Emoji data are based on the latest CLDR data set (Currently version 30.0.2 stable).

👩‍🚒 => 👩‍🚒, firefighter, firetruck, woman
👩‍✈ => 👩‍✈, pilot, plane, woman
🥓 => 🥓, bacon, meat, food
🥔 => 🥔, potato, vegetable, food
😅 => 😅, cold, face, open, smile, sweat
😆 => 😆, face, laugh, mouth, open, satisfied, smile
🚎 => 🚎, bus, tram, trolley
🇫🇷 => 🇫🇷, france
🇬🇧 => 🇬🇧, united kingdom

Learn more about this in our blog post describing how to search with emoji in Elasticsearch (2016).

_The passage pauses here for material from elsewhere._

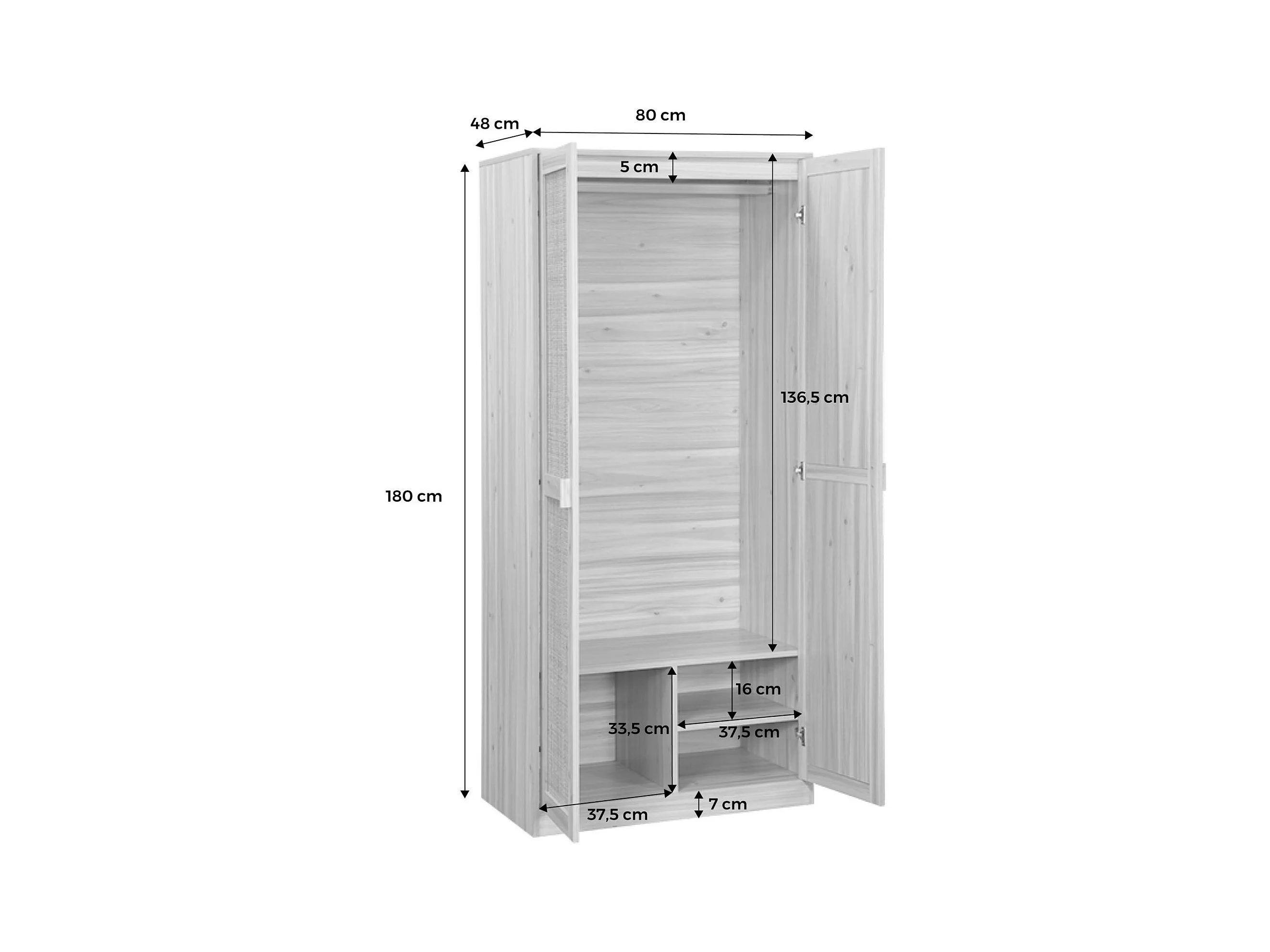 Armoire dressing cannage et effet bois. 2 portes avec penderie et rangements
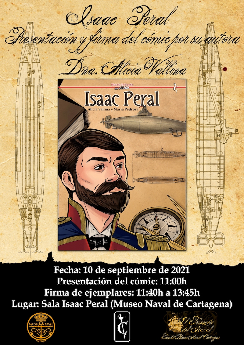 El insigne inventor y marino cartagenero protagoniza un tebeo creado por Alicia Vallina, doctora en conservación y patrimonio, conservadora de museos y coordinadora técnica de la unidad de Coordinación de Museos de la subdirección general de Publicaciones y Patrimonio Cultural Ministerio de Defensa, el cual será presentado este próximo viernes en la sala Isaac Peral del Museo Naval, coincidiendo con la semana de la efeméride del 133 aniversario de la puesta a flote del Submarino Peral, que fue el 8 de septiembre de 1888.

Emoji analyzer for Elasticsearch (with the analysis-emoji plugin)

Go to the dedicated plugin documentation.

Emoji analyzer for Elasticsearch (without the plugin, not perfect)

Get the files in ./config/analysis/

Download the emoji and emoticon file you want from this repository and store them in PATH_ES/config/analysis.

config
├── analysis
│   ├── cldr-emoji-annotation-synonyms-en.txt
│   └── emoticons.txt
├── elasticsearch.yml
...

Create the analyzer

We call it english_with_emoji here because we use the english synonyms:

PUT /en-emoji
{
  "settings": {
    "analysis": {
      "char_filter": {
        "zwj_char_filter": {
          "type": "mapping",
          "mappings": [ 
            "\\u200D=>"
          ]
        },
        "emoticons_char_filter": {
          "type": "mapping",
          "mappings_path": "analysis/emoticons.txt"
        }
      },
      "filter": {
        "english_emoji": {
          "type": "synonym",
          "synonyms_path": "analysis/cldr-emoji-annotation-synonyms-en.txt" 
        },
        "punctuation_and_modifiers_filter": {
          "type": "pattern_replace",
          "pattern": "\\p{Punct}|\\uFE0E|\\uFE0F|\\uD83C\\uDFFB|\\uD83C\\uDFFC|\\uD83C\\uDFFD|\\uD83C\\uDFFE|\\uD83C\\uDFFF",
          "replace": ""
        },
        "remove_empty_filter": {
          "type": "length",
          "min": 1
        }
      },
      "analyzer": {
        "english_with_emoji": {
          "char_filter": ["zwj_char_filter", "emoticons_char_filter"],
          "tokenizer": "whitespace",
          "filter": [
            "lowercase",
            "punctuation_and_modifiers_filter",
            "remove_empty_filter",
            "english_emoji"
          ]
        }
      }
    }
  }
}

Try it!

GET /en-emoji/_analyze?analyzer=english_with_emoji
{
  "text": "I love 🍩"
}
# Result: i, love, 🍩, dessert, donut, sweet

GET /en-emoji/_analyze?analyzer=english_with_emoji
{
  "text": "You are ]:)"
}
# Result: you, are, 😈, face, fairy, fantasy, horns, smile, tale

GET /en-emoji/_analyze?analyzer=english_with_emoji
{
  "text": "Where is 🇫🇮?"
}
# Result: where, is, 🇫🇮, finland

How to contribute

Build from CLDR SVN

You will need:

  • php cli
  • svn

Edit the tag in tools/build-beta.php and run php tools/build-beta.php.

Update emoticons

Run php tools/build-emoticon.php.

Licenses

Emoji data courtesy of CLDR. See unicode-license.txt for details. Some modifications are done on the data, see here. Emoticon data based on https://github.com/wooorm/emoticon/ (MIT).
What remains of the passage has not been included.